__Task item__: The answer must consist of every line from the entries that holds the word "noch".

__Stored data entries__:
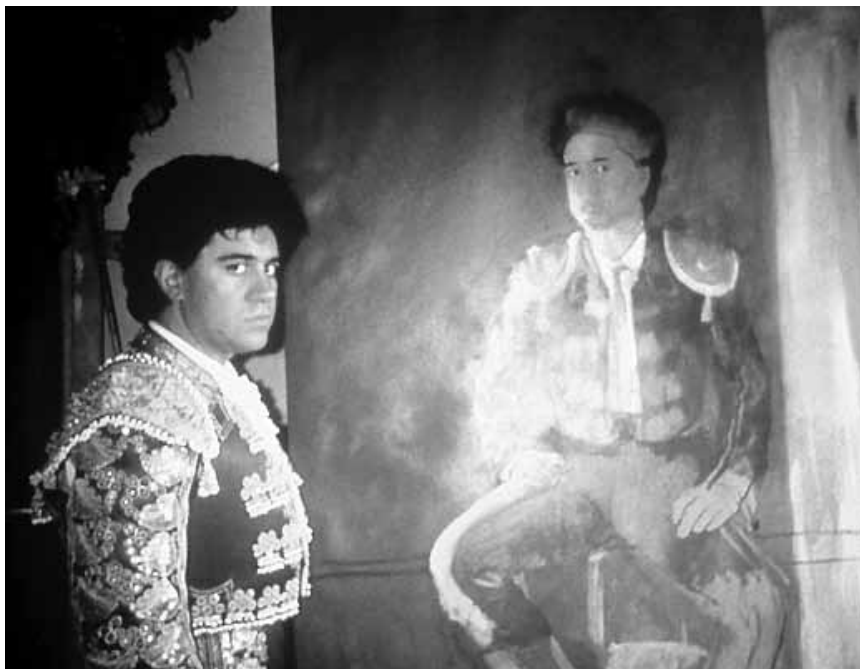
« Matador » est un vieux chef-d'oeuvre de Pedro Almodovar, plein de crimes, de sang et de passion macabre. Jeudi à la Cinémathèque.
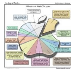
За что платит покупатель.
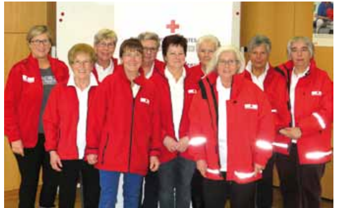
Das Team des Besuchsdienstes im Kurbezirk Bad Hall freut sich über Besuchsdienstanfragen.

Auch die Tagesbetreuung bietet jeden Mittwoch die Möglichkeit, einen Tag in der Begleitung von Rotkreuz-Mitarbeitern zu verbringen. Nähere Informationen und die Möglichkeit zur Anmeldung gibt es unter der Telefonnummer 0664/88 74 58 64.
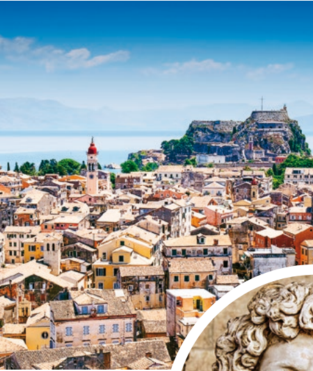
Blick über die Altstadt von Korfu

---

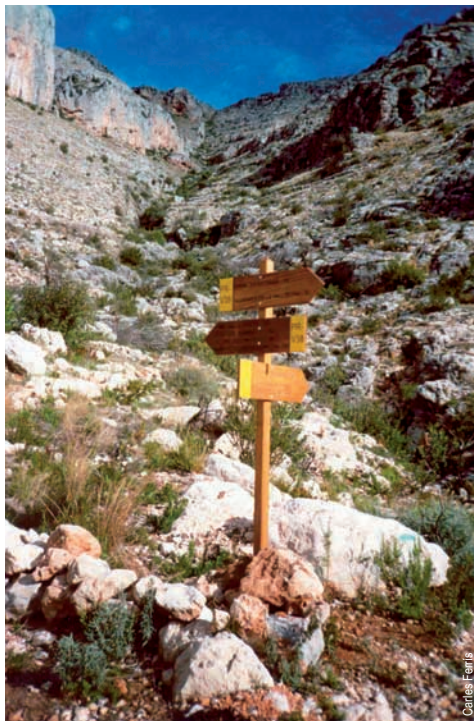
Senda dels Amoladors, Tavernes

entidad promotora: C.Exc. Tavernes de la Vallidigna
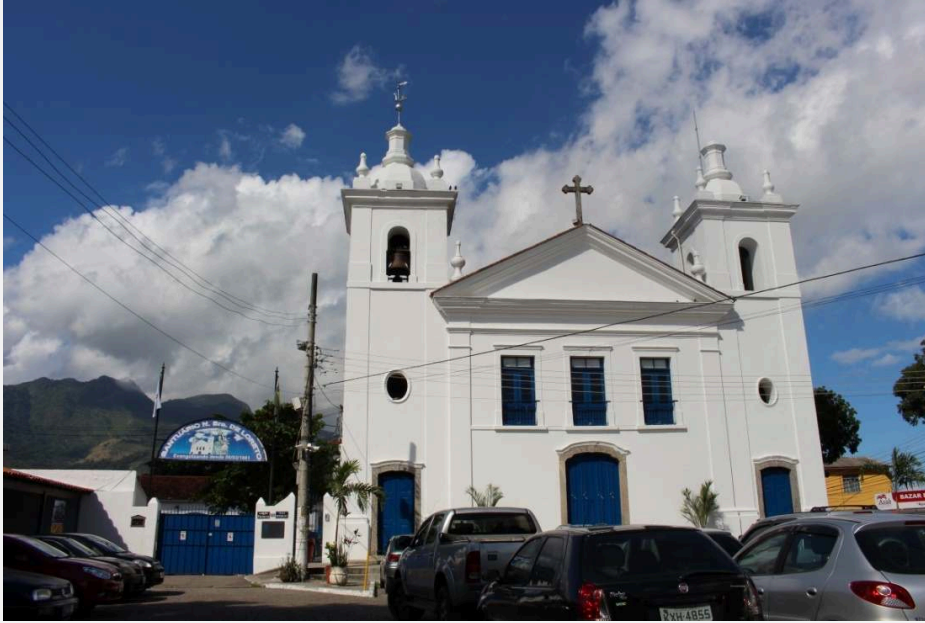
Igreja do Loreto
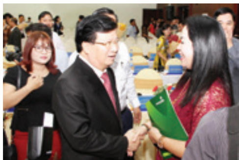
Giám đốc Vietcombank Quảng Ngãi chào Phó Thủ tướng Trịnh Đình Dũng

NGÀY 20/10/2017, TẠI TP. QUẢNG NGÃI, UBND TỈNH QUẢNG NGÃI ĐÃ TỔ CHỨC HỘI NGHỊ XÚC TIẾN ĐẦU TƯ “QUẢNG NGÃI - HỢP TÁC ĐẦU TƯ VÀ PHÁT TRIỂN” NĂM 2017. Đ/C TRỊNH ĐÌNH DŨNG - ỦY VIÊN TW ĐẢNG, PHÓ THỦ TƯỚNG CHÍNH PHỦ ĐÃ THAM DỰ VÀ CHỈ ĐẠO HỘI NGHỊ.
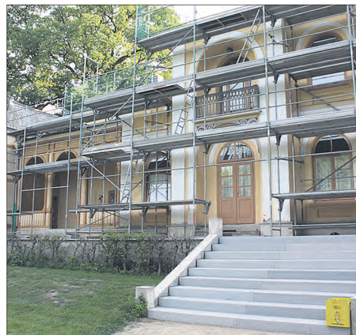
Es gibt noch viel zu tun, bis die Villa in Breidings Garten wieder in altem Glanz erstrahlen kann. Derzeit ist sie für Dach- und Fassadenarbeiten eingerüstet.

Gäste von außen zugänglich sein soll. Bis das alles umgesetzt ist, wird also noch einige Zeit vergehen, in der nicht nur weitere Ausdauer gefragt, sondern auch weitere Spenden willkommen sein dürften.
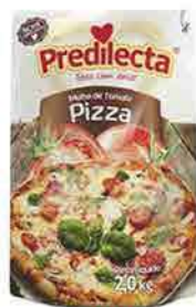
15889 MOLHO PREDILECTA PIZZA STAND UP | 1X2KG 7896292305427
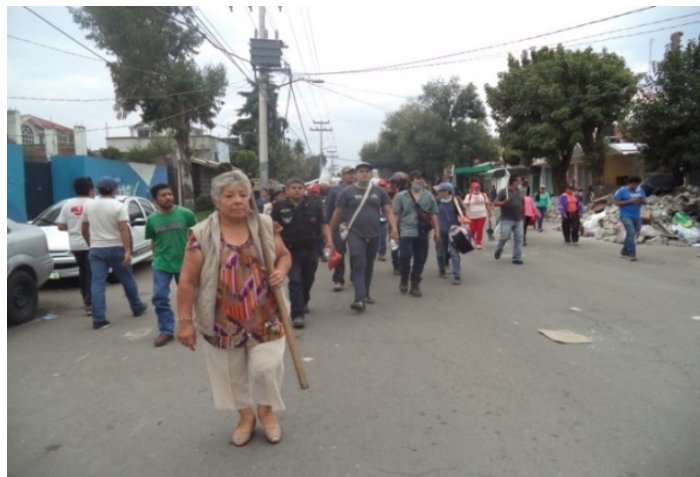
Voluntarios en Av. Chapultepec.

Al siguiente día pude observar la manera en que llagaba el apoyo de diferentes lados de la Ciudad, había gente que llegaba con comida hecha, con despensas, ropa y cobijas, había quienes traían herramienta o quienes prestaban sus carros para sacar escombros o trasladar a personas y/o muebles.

__Exercise output__:
Es gibt noch viel zu tun, bis die Villa in Breidings Garten wieder in altem Glanz erstrahlen kann. Derzeit ist sie für Dach- und Fassadenarbeiten eingerüstet.
Gäste von außen zugänglich sein soll. Bis das alles umgesetzt ist, wird also noch einige Zeit vergehen, in der nicht nur weitere Ausdauer gefragt, sondern auch weitere Spenden willkommen sein dürften.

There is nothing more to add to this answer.